= Giacomo Badoer (died 1537) =

Merchant and administrator of the Republic of Venice

Giacomo Badoer or Jacopo Badoer (c. 1457 – 26 December 1537) was a merchant and administrator of the Republic of Venice.

Badoer was born around 1457 to a certain Sebastiano. (Note: He is seemingly not the same person as the Giacomo Badoer who fought the Ottoman Turks on the Isonzo in 1477. This latter Giacomo was the son of Sebastiano Badoer and Cattaruzza Zustignan, married in 1448. A captain of lanze spezzate, he is usually said to have died in the fighting in 1477, based on Marino Sanuto. The Cronaca of Cristoforo Schioppa, however, says merely that he was captured by the Turks along with several other captains: Gian Giacomo Piccinino, Giovanni Antonio Caldera and Ercole Malvezzi.) In 1476, he married Cristina Marcello di Piero. He served in the Venetian navy and as a merchant trading with Constantinople.
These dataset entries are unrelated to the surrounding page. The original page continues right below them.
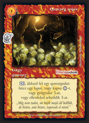 Quwarg tojás (7): ...ja persze, hát egy kis erőforrás! Szerencsére az is van, a Quwarg tojás, amivel gyönyörűen hasznosítani tudjuk a többi lap által termelt Nyomorult quwargokat. Körönként két azonnali lapot húzni nagyon erős képesség, nagyon szépen bepörgeti a decket a második körben - az pedig külön öröm, hogy Bilincs és Börtön ellen sem lesz blank.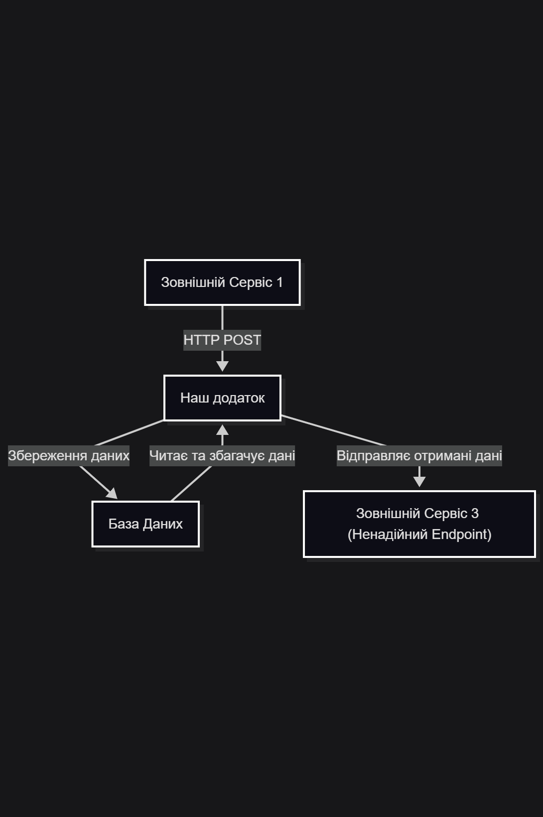 Зовнішній Сервіс 3 (Ненадійний Endpoint): Це той самий "вередливий" сервіс, який може мати короткочасні та довготривалі проблеми.
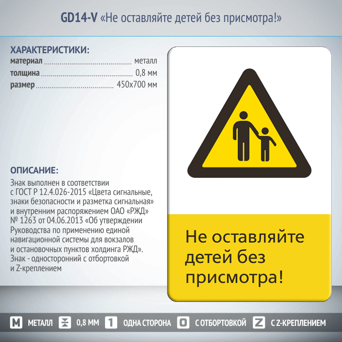 Односторонний знак безопасности «Не оставляйте детей без присмотра!» изготовлен на металле, толщиной 0,8 мм и размером 450х700мм в соответствии с: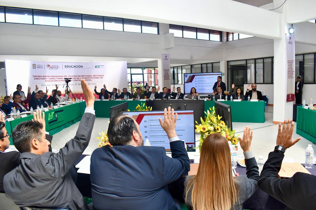 Como parte de estas acciones de realizó la Tercera Sesión Ordinaria del Colegio de Rectoras, Rectores, Directoras y Directores Generales de las Instituciones de Educación Superior de Control Estatal, la cual fue presidida por el Maestro Víctor Sánchez González, Subsecretario de Educación Superior y Normal de la SECTI.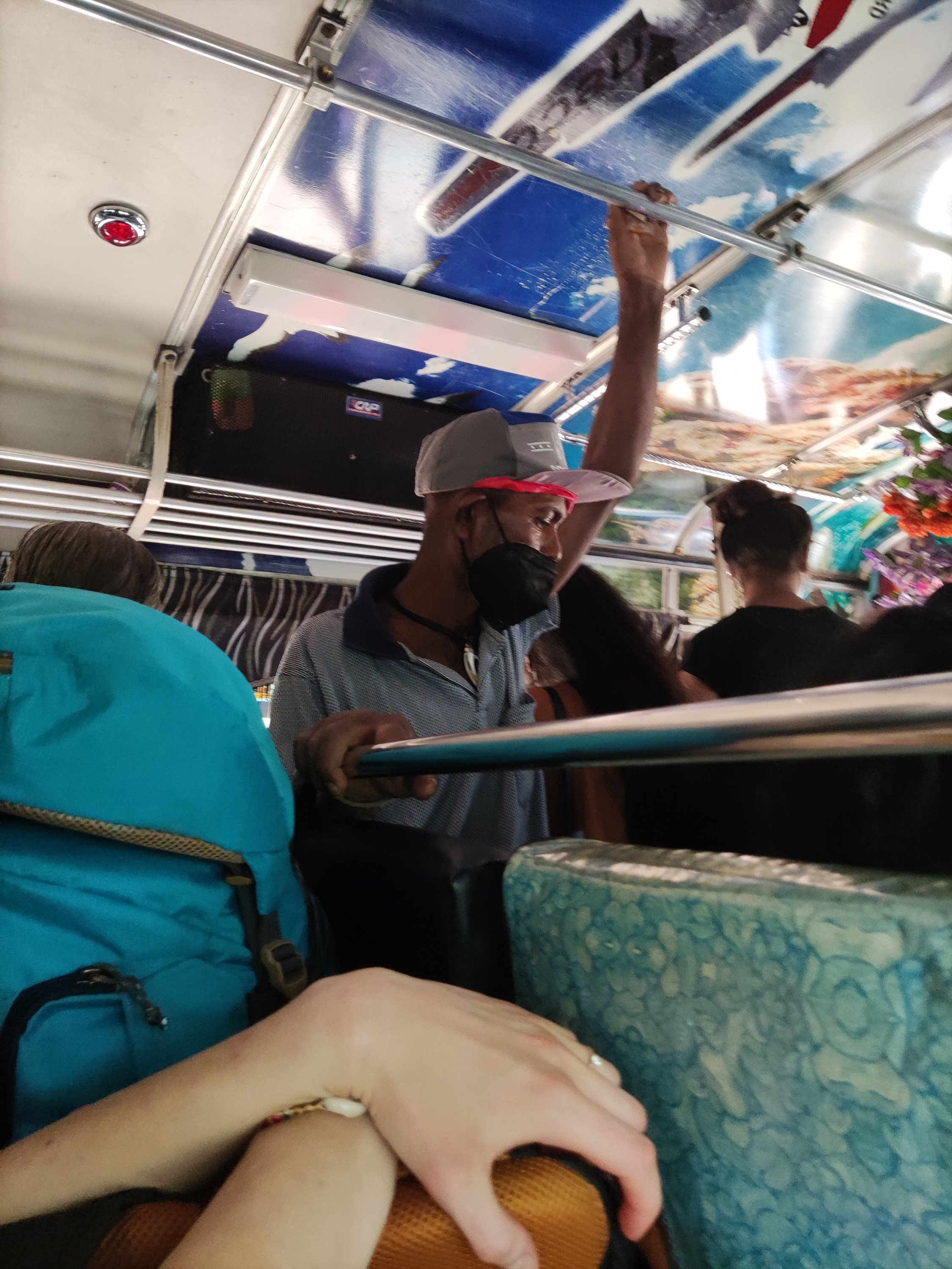 Wsiadając na dworcu w Negombo miałam oczywiście miejsce siedzące, czego nie można powiedzieć o wielu innych lokalnych pasażerach, którzy dosiadając się na trasie przejazdu, niestety mieli miejsca jedynie stojące. Trzeba powiedzieć, że na niektórych odcinkach tłok był niemiłosierny. Zadowolona byłam z miejsca przy oknie, bo nikt na mnie nie leżał, nie walił mnie bagażami po głowie lub wręcz zrzucał swój bagaż na kolana osób siedzących po stronie zewnętrznej. Pomimo, że pierwszy odcinek wynosił ok. 72 km i samochodem można by go przejechać w niecałe dwie godziny, autobus pokonuje tę trasę prawie w 3,5. Nic dziwnego, zatrzymuje się nie tylko w mijanych miasteczkach ale i na trasie praktycznie co 2-3 minuty. Tutaj najwyraźniej wystarczy wyjść przed własny dom i machnąć na autobus, albo poprosić kierowcę o wysadzenie przy najbliższym polu kukurydzy. Od ciągłego zatrzymywania się i ruszania zrobiło mi się całkiem niedobrze, tym bardziej, że dodatkową atrakcją był smród oleju wpadający przez otwarte okna. Przeciągi dopełniały tę pełnię szczęścia.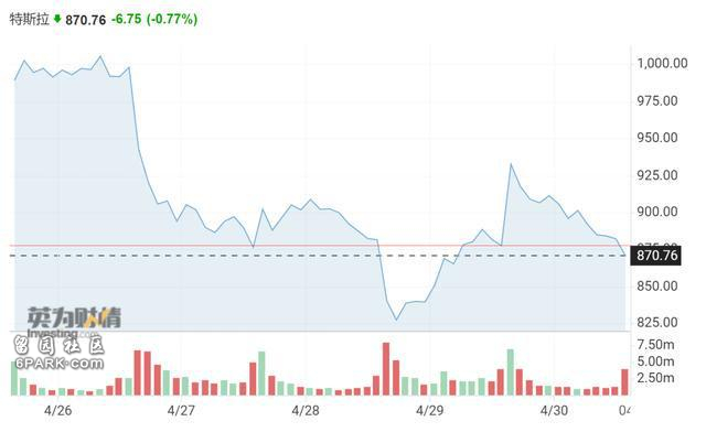 推特董事会批准马斯克收购计划次日,特斯拉股价收盘大跌超12%,报876.42美元/股,市值蒸发超1000亿美元。截至周五收盘,特斯拉股价报870.76美元/股。

In April 1496, Badoer was elected captain of a galley trading with Alexandria. He returned successfully in November. In 1499, he was named to the zonta of the Venetian Senate. In 1500–1501, he served as governor of Monopoli, in which position, Marino Sanuto records, he achieved a certain renown. He was afterwards elected one of the Dieci Savi alle Decime in charged of Venetian finances.

In 1504, Badoer was elected bailo at Constantinople, but he declined in order to become a senator. On 27 October, the Major Council elected him consigliere (counsellor) of Cyprus, a position he held from early 1505 until November 1507. He returned to Venice and the senate in 1508. In June 1509, he was named provveditore of Corfù, but declined on account of ill health. In August 1510, he was named to a special commission of the Dieci Savi.

In 1513, during the War of the League of Cambrai, Badoer was named luogotenente (governor) of the Patria del Friuli. He was responsible for coordinating the defence of the Patria from the Imperial army under Count Krsto Frankopan. On 30 December, Giovanni Vitturi was named provveditore generale with powers superior to Badoer's. On 12 February 1514, the decision was made to abandon Udine, Cividale and Cormons and fall back on Sacile and Osoppo. Badoer and Vitturi went to Sacile. According to Gregorio Amaseo, Badoer was accused of cowardice and treason for this decision. The decision proved strategically correct, however, and Badoer returned to Udine on 31 May. He was back in Venice by 15 October. He laid the blame for Imperial successes on the sympathies of the Friulian populace.

In 1518, Badoer was named to the Council of Ten. In 1521, he was elected to represent Castello in the Minor Council. In 1522, he was named lieutenant of Cyprus. He sat on the Minor Council again in 1525 and 1530. He died on 26 December 1537.